Independent Research · April 14, 2026

Warehouse Fires

AAA Mattress & Furniture Warehouse

Not Arson — Accidental
Status
Accidental (lightning strike) — under final investigation
Labor/Wage Connection
None
Date & Time
Tuesday, April 21, 2026, approximately 5:23 p.m. ET (per City of Mishawaka official log)
Location
926 E. McKinley Avenue, Mishawaka, IN (900 block, near Filbert Rd., behind Blue Lantern restaurant)

The Fire

A massive fire engulfed the AAA Mattress & Furniture Warehouse during a severe thunderstorm the evening of April 21, 2026. The structure was fully engulfed in approximately two minutes. Mishawaka Fire Department Battalion Chief Josh Courtney and Assistant Chief David Pierce declared the building unsalvageable.
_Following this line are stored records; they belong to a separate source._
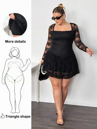 Hourglow Vestido de manga larga transparente de hombros descubiertos de unicolor y minimalista para mujer de talla grande, para uso diario, para silueta de reloj de arena y de reloj de arena
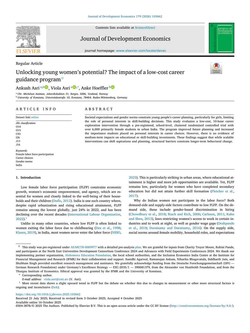 Unlocking young women’s potential? The impact of a low-cost career guidance program
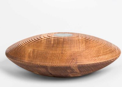 La partida final es el capítulo más misterioso de la vida. Para conmemorar este momento con elegancia y respeto, LIMO creó una urna única. Elaborada en madera y latón, es elegante, cálida, sostenible y respetuosa con el medio ambiente. Sus curvas, moldeadas mediante la eliminación de capas, revelan un patrón que recuerda a los anillos de crecimiento de un árbol, dando testimonio silencioso del tiempo que pasó demasiado rápido. Más ancha que alta, la urna se lleva con ambas manos, apoyada en las palmas, como el mayor tesoro que jamás tendremos, honrando una vida plena.
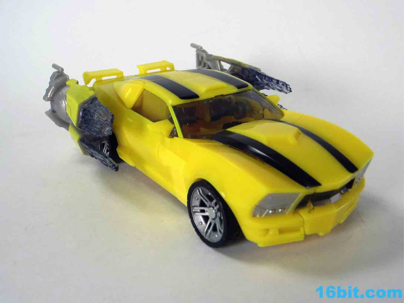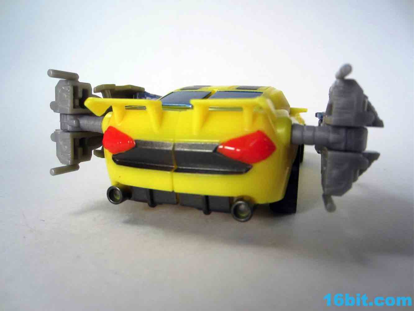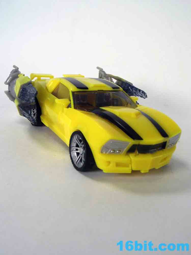 The 5-inch tall robot has about 16 meaningful points of articulation and has no problems standing or holding his weapons - it's a miracle! The character is intact, but the thinner look gives a much sleeker robot with a flatter face than you may be used to. A silver chest with a red Autobot symbol is flanked by two black stripes, which is basically par for the course since the movie in 2007. Fake tail lights on the figure's feet are a nice touch, recalling parts of the car mode that aren't actually there. The rear bumper hangs off the robot mode knees. It's a strange - but charming - design decision.
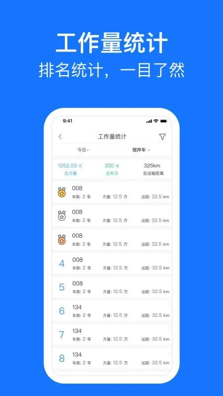 3. 工作量统计清晰,能有效统计搅拌站工作量,查看排名。
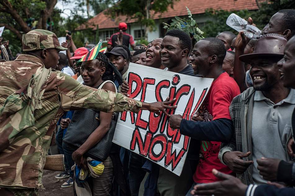 當(dāng)?shù)貢r(shí)間2017年11月18日,津巴布韋哈拉雷,民眾舉行游行反對(duì)總統(tǒng)穆加貝,要求其辭職下臺(tái)。

The smoke plume triggered a campus-wide alert at the University of Notre Dame.

No injuries were reported — the last employee had left approximately three minutes before the fire started. No dollar-loss figure has been publicly released.

Cause

A lightning strike during the thunderstorm, captured on security video from the nearby Big C Lumber property, is the operative cause. WNDU First Alert Weather confirmed two radar-indicated lightning strikes in the immediate vicinity at the time of ignition. Officials describe the investigation as formally ongoing but have strongly indicated lightning as the cause.

A significant secondary hazard: Battalion Chief Josh Courtney confirmed "quite a few thousand" lithium-ion batteries were stored inside — many held for contractor work on NIPSCO (utility) gas-meter technology. These were the source of the popping/exploding sounds residents reported during active fire operations.

Ownership & Operations

  • Tenant/occupant: AAA Mattress & Furniture Warehouse
  • Building owner: The Source Company, a floor-covering distributor

No corporate parent for either entity was identified. The building was used for both furniture-warehouse operations and as storage for the NIPSCO-contractor lithium-ion inventory.

Labor Connection

None. This fire is weather-caused, not labor-related. Documented here because it appeared in online roundups circulating after the April 7 Ontario Kimberly-Clark arson, where the combination of a large warehouse fire and lithium-battery explosions drew viral attention. The lightning strike on video firmly excludes intentional-ignition theories.

Social Media Reaction

Some viral-video traction for the lightning-strike footage and the lithium-battery explosion sounds. No meaningful arson or labor-conspiracy chatter surfaced in searches — local media framed the event entirely as weather-caused, and that framing held.